Epimeteo obligó a su mujer a ponerse en pie y la abofeteó.
—¡Malvada! ¡Eres desobediente, estúpida y egoísta! —gritó
furioso—. Te dije que no debías abrir la caja. ¿Por qué no haces
lo que te mandan?
Y Pandora, que no había conocido en su vida un trato tan duro,
sintió que por primera vez se le llenaban los ojos de lágrimas.
También la Desdicha se había escapado del tarro.
En la calle se escuchó un tremendo ruido de peleas y llantos
terroríficos. Todo aquel hermoso mundo parecía haberse vuelto
horrible, feo y malvado.
Entonces Pandora oyó una diminuta voz que provenía del interior
del tarro:
—¡Pandora! ¡Pandora! ¡No me dejes aquí sola! ¡El mundo me
necesita! ¡El mundo no está completo sin mí!
—¡No volveréis a engañarme! —sollozó Pandora, arrojándose
sobre la tapa de la caja.
—Pero es que yo puedo ayudarte. ¡Déjame salir! ¡Por favor,
déjame salir!
La vocecilla sonaba casi tan lastimera como la de la propia
Pandora. Por fin, ésta rogó a Epimeteo que se hiciera a un lado,
abrió la tapa de la caja y destapó el tarro.
De éste salió volando una frágil y diminuta criatura blanca,
parecida a una polilla. Al posarse sobre el rostro de Pandora, ésta
se sintió más animada y preguntó:
—¿Qué clase de linda y perversa criatura eres tú?

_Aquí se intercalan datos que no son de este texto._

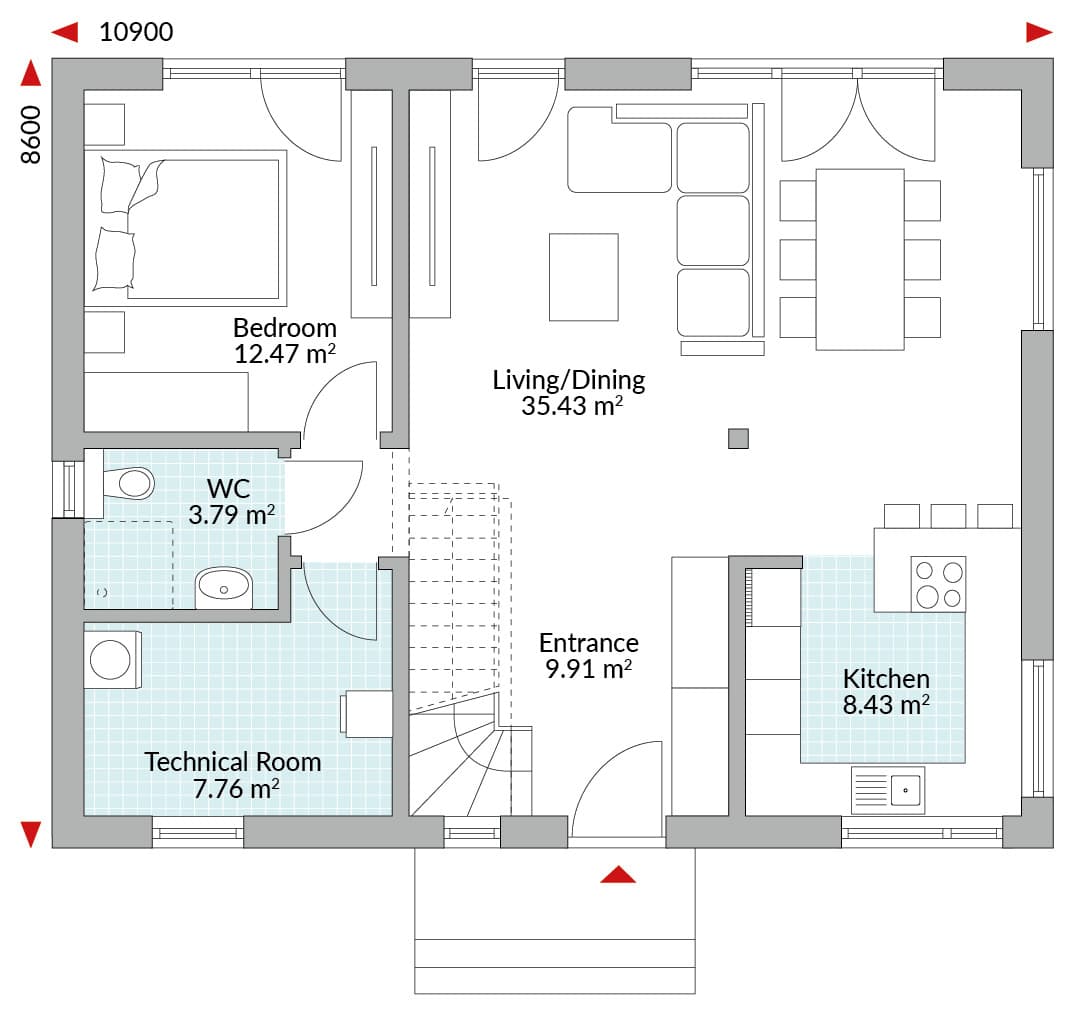1½-storey, 3-bedroom detached house, entrance with staircase, open-plan living/dining area, kitchen, double bedroom, technical room, WC, open landing, two large single bedrooms, family bathroom.

—Yo soy la Esperanza —murmuró la pequeña y alada criatura, y
se alejó volando para plantarles cara a todos aquellos males
horrendos.
La esperanza llevó al helado jardín la promesa de la primavera y
enjugó muchas de las lágrimas del mundo. Al partir, rozó la
mejilla de Epimeteo.
De rodillas, Pandora le preguntó a través de sus lágrimas:
—¿Podrá el mundo perdonarme alguna vez?
Su esposo la miró largo rato y sonrió.
—Eso espero —dijo suavemente—. Eso espero.